Create $MissingTags as the set of tags that are missing in the current note

Assume you are using the standard $Tags attribute for the tags in the current note

Create an edict or a stamp or an agent with this action

$MissingTags=$AllTags - $Tags

and you will find in each Note’s $MissingTags attribute the set of tags that that note does not have.

jmm · June 9, 2018, 2:32am

Yes, the co-occurring thread is fairly close to what I’m looking for. I hope this image makes it clearer:

In each axis there is an attribute of set type with many values: Tags (horizontal) and Stages (vertical). In the data boxes appear the names of the matching notes.

PaulWalters · June 9, 2018, 10:59am

For me, a 50 by 50 matrix with up to name values in each intersection would be so unwieldy it would be nearly impossible to comprehend.
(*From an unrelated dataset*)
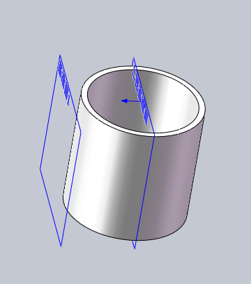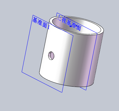 3、在圆柱体零件模型的外面建立一个平行于圆柱体轴线的基准面

I don’t understand how it is helpful to know every duple out of a set of 50 elements that a given note belongs to. Following the pattern in the original post, that’s potentially ₅₀C₂ = 1,225 notes in each intersection of the matrix.

Isn’t the real problem “I have 300 notes that could have up to 50 tags each, and I want to know which tags have not been assigned to this note”? That’s what this reports, as do the co-occurrence examples in a more formal way.

Good luck. Sure would be a bear of an agent to write to the original specs.

jmm · June 9, 2018, 12:25pm

I have 50 tags and 300 notes; each note has 2-4 tags. I realised it wasn’t clearly explained when I saw the reply you refer to. Sorry about that.
The use case is not far from the one stated here, exception made of the “cluster”:

jmm · June 9, 2018, 1:11pm

Your objections were interesting for me. This post is no more than an idea that I would like to see how it works in practice, but lack technical knowledge to implement it. Therefore, your objections to the idea were interesting. And so were your your code notes, that I copied for other uses. So thank you for your replies.